Woh­nungs­ein­gangs­tü­ren: Gemein­schafts­ei­gen­tum oder Son­der­ei­gen­tum?

So die Ent­schei­dung des Bun­des­ge­richts­hofs in dem hier vor­lie­gen­den Fall einer Klä­ge­rin, die sich dage­gen gewehrt hat, die Ein­gangs­tür einer in einer Woh­nungs­ei­gen­tü­mer­an­la­ge gele­ge­nen Woh­nung ent­spre­chend einem Beschluss der Eigen­tü­mer­ver­samm­lung zu gestal­ten. Der Zutritt zu den ein­zel­nen Woh­nun­gen der Woh­nungs­ei­gen­tums­an­la­ge erfolgt über Lau­ben­gän­ge, die von dem Trep­pen­haus aus zugäng­lich sind. In einer Eigen­tü­mer­ver­samm­lung beschlos­sen die Woh­nungs­ei­gen­tü­mer mehr­heit­lich, dass die an den Lau­ben­gän­gen gele­ge­nen Woh­nungs­ein­gangs­tü­ren der ein­zel­nen Ein­hei­ten auf bestimm­te Wei­se zu gestal­ten sei­en. Fest­ge­legt wur­de unter ande­rem, dass sie aus Holz in der Far­be "maha­go­ni­hell" gefer­tigt sein und einen Glas­schei­ben­ein­satz genau fest­ge­leg­ter Grö­ße in "drah­tor­na­ment­weiß" ent­hal­ten müss­ten. Die Klä­ge­rin hält die­sen Beschluss für nich­tig. Sie meint, die Woh­nungs­ein­gangs­tür gehö­re zu ihrem Son­der­ei­gen­tum. Jeden­falls dür­fe sie über die farb­li­che Gestal­tung der Innen­sei­te ihrer Tür selbst ent­schei­den. Das Amts­ge­richt 1 hat antrags­ge­mäß die Nich­tig­keit des Beschlus­ses fest­ge­stellt. Das Land­ge­richt 2 hat das Urteil auf­ge­ho­ben und die Kla­ge abge­wie­sen. Dar­auf­hin hat die Klä­ge­rin ihr Ziel vor dem Bun­des­ge­richts­hof wei­ter ver­folgt.

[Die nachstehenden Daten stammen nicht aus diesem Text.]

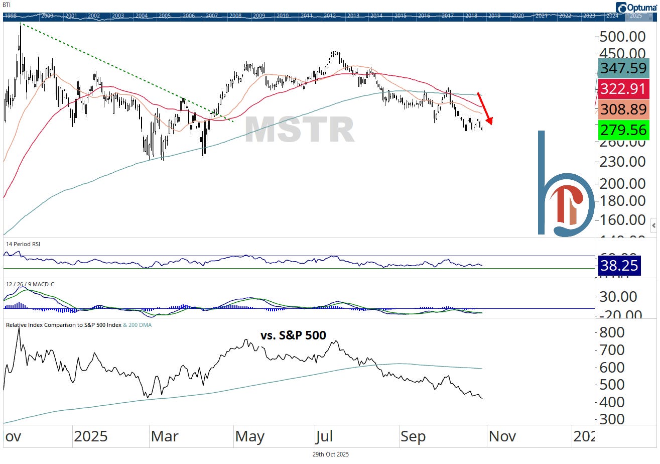 Strategy continues to trend in the wrong direction, and is below all key moving averages, which are heading lower themselves.

Nach Auf­fas­sung des Bun­des­ge­richts­hofs ste­hen Woh­nungs­ein­gangs­tü­ren räum­lich und funk­tio­nal in einem Zusam­men­hang sowohl mit dem Son­der- als auch dem Gemein­schafts­ei­gen­tum, weil sie der räum­li­chen Abgren­zung von Gemein­schafts- und Son­der­ei­gen­tum die­nen. Erst durch ihre Ein­fü­gung wird die Abge­schlos­sen­heit der dem Son­der­ei­gen­tum zuge­wie­se­nen Räu­me her­ge­stellt, die vor­lie­gen soll, damit Son­der­ei­gen­tum ent­ste­hen kann (§ 3 Abs. 2 Satz 1, § 7 Abs. 4 Nr. 2 WEG).

Weil sie damit räum­lich und funk­tio­nal (auch) zu dem Gemein­schafts­ei­gen­tum gehö­ren, steht die gesam­te Tür als ein­heit­li­che Sache im gemein­schaft­li­chen Eigen­tum. Daher hat der Bun­des­ge­richts­hof die Revi­si­on der Klä­ge­rin zurück­ge­wie­sen.

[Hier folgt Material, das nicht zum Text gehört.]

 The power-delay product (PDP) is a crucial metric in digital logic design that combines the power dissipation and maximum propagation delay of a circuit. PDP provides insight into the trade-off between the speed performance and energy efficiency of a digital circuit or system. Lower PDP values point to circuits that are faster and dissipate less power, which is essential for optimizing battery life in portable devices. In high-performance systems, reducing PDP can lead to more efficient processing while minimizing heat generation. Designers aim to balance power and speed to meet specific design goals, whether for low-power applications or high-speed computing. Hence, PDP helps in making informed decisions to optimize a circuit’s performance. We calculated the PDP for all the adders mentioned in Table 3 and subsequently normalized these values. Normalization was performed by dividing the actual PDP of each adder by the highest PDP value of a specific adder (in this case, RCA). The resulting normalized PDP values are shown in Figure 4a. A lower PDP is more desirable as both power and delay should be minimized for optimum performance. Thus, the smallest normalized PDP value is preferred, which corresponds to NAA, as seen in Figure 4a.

Mit der Fra­ge, ob die Klä­ge­rin die Innen­sei­te der Tür farb­lich anders gestal­ten darf, befasst sich der Beschluss nicht; hier­über hat­te der Bun­des­ge­richts­hof des­halb nicht zu befin­den.

Bun­des­ge­richts­hof, Urteil vom 25. Okto­ber 2013 – V ZR 212/​12

  1. AG Lüden­scheid, Urteil vom 19.01.2012 – 97a C 33/​11[]
  2. LG Dort­mund, Urteil vom 20.07.2012 – 17 S 55/​12[]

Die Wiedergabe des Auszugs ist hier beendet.